Sacudió la cabeza, como expresión de sus dudas.

—¿Y por qué estás tan seguro de ti mismo? —preguntó Matías, con un atisbo de desprecio—. No es precisamente el Sanedrín quien puede juzgar lo que pueda hacerse con lanzas y espadas.

Se quitó la capucha, descubriendo su rostro, que una sonrisa hacía aún más terrorífico.

—Un careto como el mío no se pasea por ahí. Sin embargo, míralo bien, porque dice que podemos luchar contra los romanos y los mercenarios y… vencerlos.

Escrutó a unos y otros, disfrutando con su efecto.

—Para mí, está bien —añadió—. Si Barrabás parte a la guerra contra Herodes, nosotros estamos dispuestos.

—Dispuestos a dejaros cortar a trozos, como el año pasado, cuando tratasteis de tomar Tiberíades —intervino el joven rabino Jonatán.

—Hoy no es ayer, rabino. Nos faltaban armas. La lección nos ha servido. Hace menos de una luna, en la bahía del Carmelo, cerca de Ptolemaida, nos hemos apoderado de dos barcas romanas cargadas de lanzas, dagas e incluso una máquina de asedio. En adelante, si el pueblo tiene el valor necesario, podemos armar a doce mil hombres.

Barrabás dio su aprobación con un gruñido deliberado.

—Hay un tiempo para la paz y un tiempo para la guerra. El tiempo de la guerra ha llegado.

—¿Quieres decir: el tiempo de morir tú? —insistió Nicodemo, mientras Guiora le daba ruidosamente su aprobación.
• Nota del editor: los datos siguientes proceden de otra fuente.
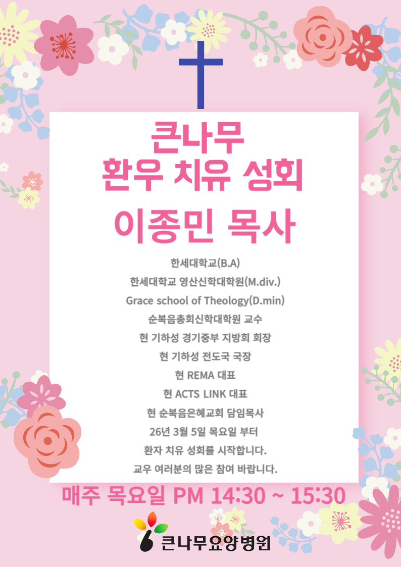 몸과 마음의 치유를 큰나무요양병원과 함께 하여 새로운 인생도약의 길이 되기 희망합니다.
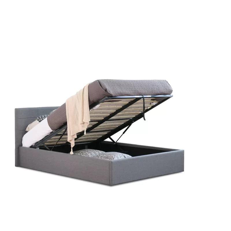 Introducing a stylish and functional bed frame that combines contemporary design with practical storage. This upholstered ottoman bed features a hi
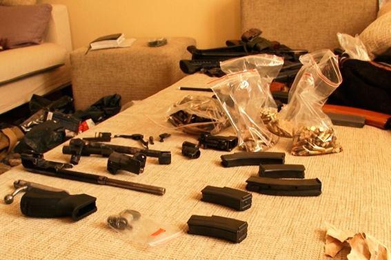 При поверхневому огляді затриманого оперативники виявили і вилучили пістолет австрійського виробництва з трьома магазинами патронів калібру 9 міліметрів. Після цього поліцейські здійснили санкціонований судом обшук у квартирі, яку зловмисник винаймав в Івано-Франківську. Навіть бувалі правоохоронці не можуть пригадати, чи доводилося їм вилучати стільки зброї! Адже знайшли в помешканні з десяток одиниць: автомати, пістолети, гвинтівку, а також глушники, тротилову шашку, магазини, деталі до автоматичної зброї, купу патронів. Усе це «добро» передали на дослідження в експертну службу МВС.

Matías y Barrabás hicieron el mismo gesto de exasperación.

—¡Si hay que morir, moriremos! Mejor que vivir de rodillas.

—¡Cuentos y más cuentos! —murmuró Leví, el sicario—. La cuestión no es morir. Yo no tengo miedo de morir en el nombre del Eterno, al kiddusch ja-Schem[2]. La cuestión es: ¿podemos abatir a Herodes, podemos vencer a Roma? Porque las cosas van a discurrir así: si debilitamos a este loco, él pedirá ayuda a Augusto, el romano. Y en ese momento, tenemos que admitirlo, empezará otra historia.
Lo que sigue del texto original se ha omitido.